Slashdot Mirror


How Google Saved USENET

Masem writes: "Salon has a well-written article article on the recent revival of much of the USENET archives from '81 to '90 by Google. It mentions that much of the recovery was thanks to years of work in transferring data off 140-some 10" magnetic tapes (~120megs of data) to a more conventional format in order to recover much of the early posts. Even a reference to the previous Slashdot story is made." Update: 01/07 23:52 GMT by T : btempleton adds: "O'Reilly Network asked me to do an article on similar themes and rememberances of USENET history." Thanks, Brad.

17 of 280 comments (clear)

  1. I've really got to wonder... by SmittyTheBold · · Score: 4, Interesting

    ...how Google will make money off of this. They supposedly make money off licensing their technology (and presumable their collected data, as well.) No ads whatsoever. I applaud their dedication to that goal so far.

    Groups.google.com seems like the kind of thing they're doing just becuase they can, though. I can't imagine there is much money to be made off the technology, because it's all text - the same search tech applies. So, as far as I can tell, there is no business reason to be doing this. it's a drain on resources with little to no return, except for (geek) community goodwill.
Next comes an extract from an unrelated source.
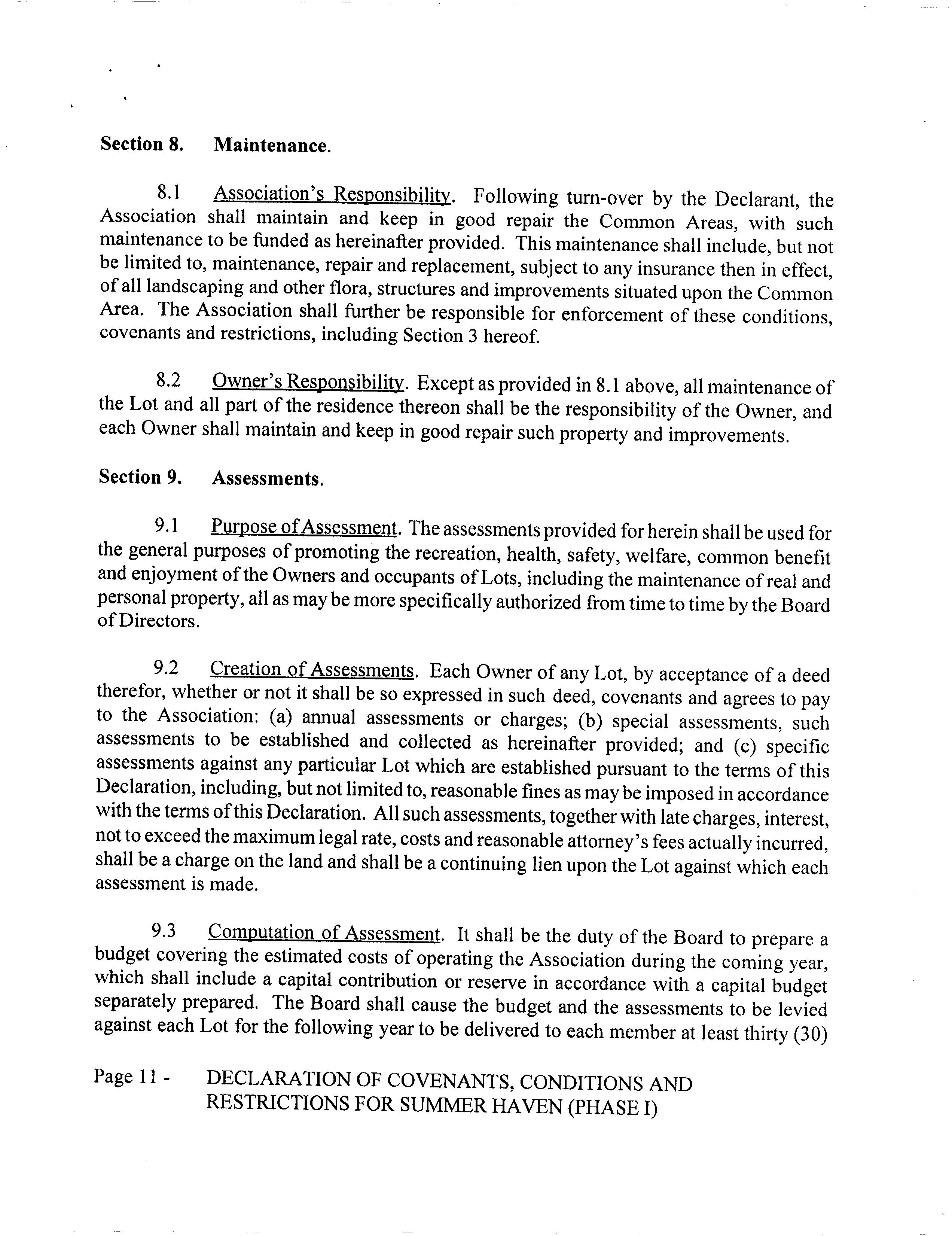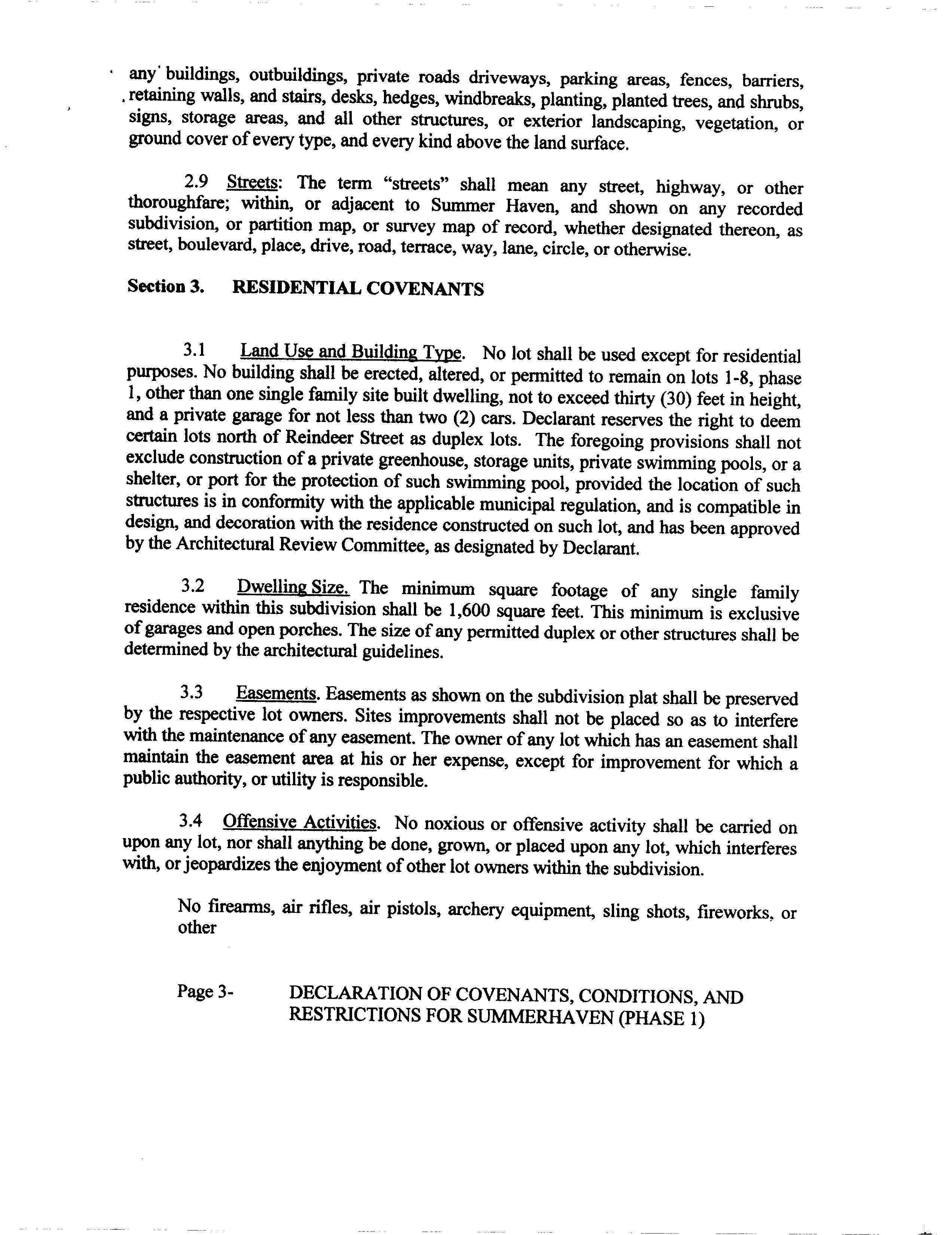Summerhaven Phase 1 - CC&R's

    The conclusion I draw, then, is Google is in this just for the fun, challenge, or doing something for the community - maybe all three. Philantropy at its best. =)

    --
    ± 29 dB
    1. Re:I've really got to wonder... by krogoth · · Score: 5, Interesting

      I think google should be paid just for being so damn cool. They deserve spontaneous income for things like the groups (with the history they now have), having a '1337-h4x0r' language you can use (http://www.google.com/intl/xx-hacker/), changing their banner for special days (anyone else see the christmas thing?)...

      There's a lot of companies right now that should be punished for doing stupid things, but Google is the complete opposite; I'd like to see Microsoft, the RIAA, and the MPAA have to donate 20% of their money to google :)

      --

      They that quote Benjamin Franklin on liberty and safety deserve neither.
  2. Archaic Technology by irregular_hero · · Score: 5, Interesting
    The article isn't kidding about the difficulty of finding a reader for your typical nine-track tape these days. I spent lots of bucks on a SCSI nine-track a few years ago for archiving system and application software on nine-track from old computer systems. And although the purchase helped, there are still occassions when I have to fire up some very old Big Iron to read one tape or another.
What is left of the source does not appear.